Let’s face it: you are probably going to watch the Pro Bowl.
Maybe not you, the personal you, but the rhetorical “you” will. In spite of all the bellyaching about the changes to the Pro Bowl, the cheapening of the title, and all those nasty things, the Pro Bowl still outperforms other sporting events in ratings and viewership. It’s the sort of thing that if you were a fan of the NBA you’d probably lose your mind.
This year has brought new changes, and not everyone is a fan. Josh Jacobs of the Las Vegas Raiders made the astute observation: “This s&%# is stupid.” At the core of the Pro Bowl is the fact that the game is now a flag football competition, with no offensive or defensive lines; which coincidentally leaves two Detroit Lions Pro Bowlers—Frank Ragnow and Penei Sewell—out of the proceedings.

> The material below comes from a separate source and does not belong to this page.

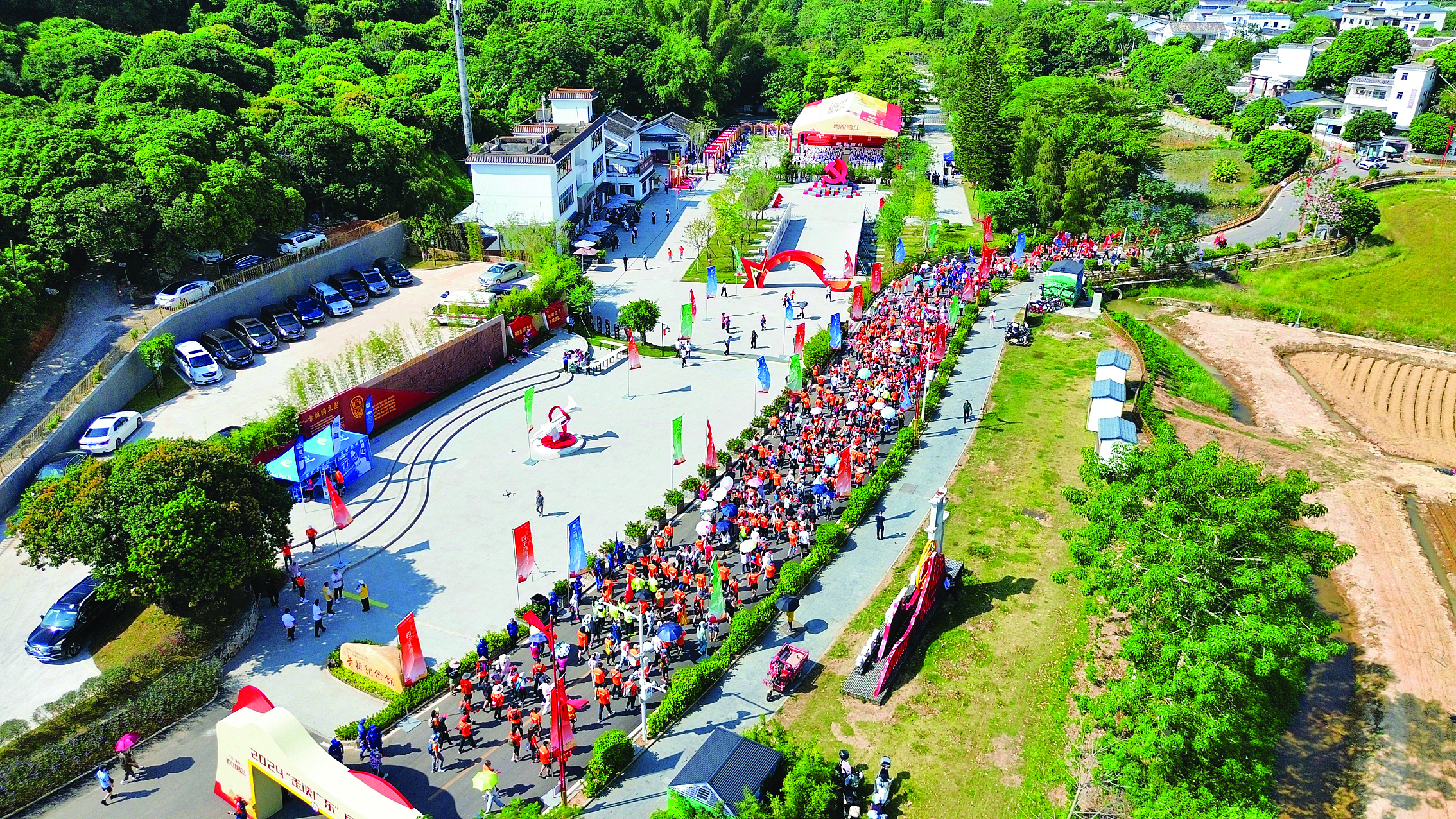 10月16日,惠陽區(qū)陽光明媚、秋風(fēng)送爽,葉挺紀(jì)念館先鋒廣場人潮涌動,這里聚集了前來參加粵游粵紅——第二屆廣東紅色旅游季啟動儀式的近百輛自駕車和近千名徒步愛好者,他們從這里出發(fā),途經(jīng)東湖旅店、羅浮山、葉亞來故居、拱秀樓、榴兆樓等,開啟“走讀廣東 粵游粵紅”旅程,追尋紅色記憶。其中,當(dāng)天的徒步活動途經(jīng)葉挺紀(jì)念館、會龍樓、榴兆樓、廖似光故居等五大紅色景點及多處文物古跡,全程8公里,不僅可以領(lǐng)略惠陽紅色文化,還可以參觀惠陽實施“百千萬工程”的建設(shè)成效——干凈整潔的村容村貌,素墻青瓦的農(nóng)家小院,家家門前常綠蔭,戶戶庭院飄花香。

Which leads us to today’s question:
Are you a fan of the idea of a flag football Pro Bowl?
My answer: I’m disengaged yet optimistic.
I held out hope for a long time on the Pro Bowl, but each year the tide of erosion makes it harder and harder to believe there was a time when it mattered—and even then, I fear the rose-colored glasses of the past obfuscate what was always just an elaborate excuse to take a trip to Hawaii and we don’t even have that no more. Just because there was a full game in the past of AFC against the NFC didn’t mean it was good, or competitive, or damn near anything that resembled a functioning All-Star game.
Flag football itself might be a joke to the neanderthal sports fan, but it’s a fascinating development in that this seems to be a side interest of the NFL the league is taking seriously. The NFL has partnered with the IFAF—an international body that promotes and governs American football in numerous countries—to promote flag football in recent years, and it’s clear there’s a hope they can sell this to be explored as an Olympic sport in some fashion. The league’s interest in flag football also extends to participation, and I’ve spoken with some people near the league that express that flag football is seen as a vehicle to reach a wider audience in participating in the sport, especially across gender lines.
But I don’t think professional athletes who play the tackle format of American football give a damn about a flag football game in the winter heat of Las Vegas. While the skills competitions have garnered interest and excitement, the game itself struggles and still feels hollow. Turning it into a flag football competition is fine on paper, but I suspect its participants still don’t care as much to play—and if they don’t care, it won’t be good, and the audience won’t care.
Nevertheless, I hold out hope it takes off because I’d like to have fun with the Pro Bowl again, if for no other reason than the sudden, abrupt onset of zero football is horrifying, enough to shock my system into seeking out XFL and USFL previews. I am becoming something horrifying.
Your turn. Flag football Pro Bowl: interesting development or affront in the eyes of God?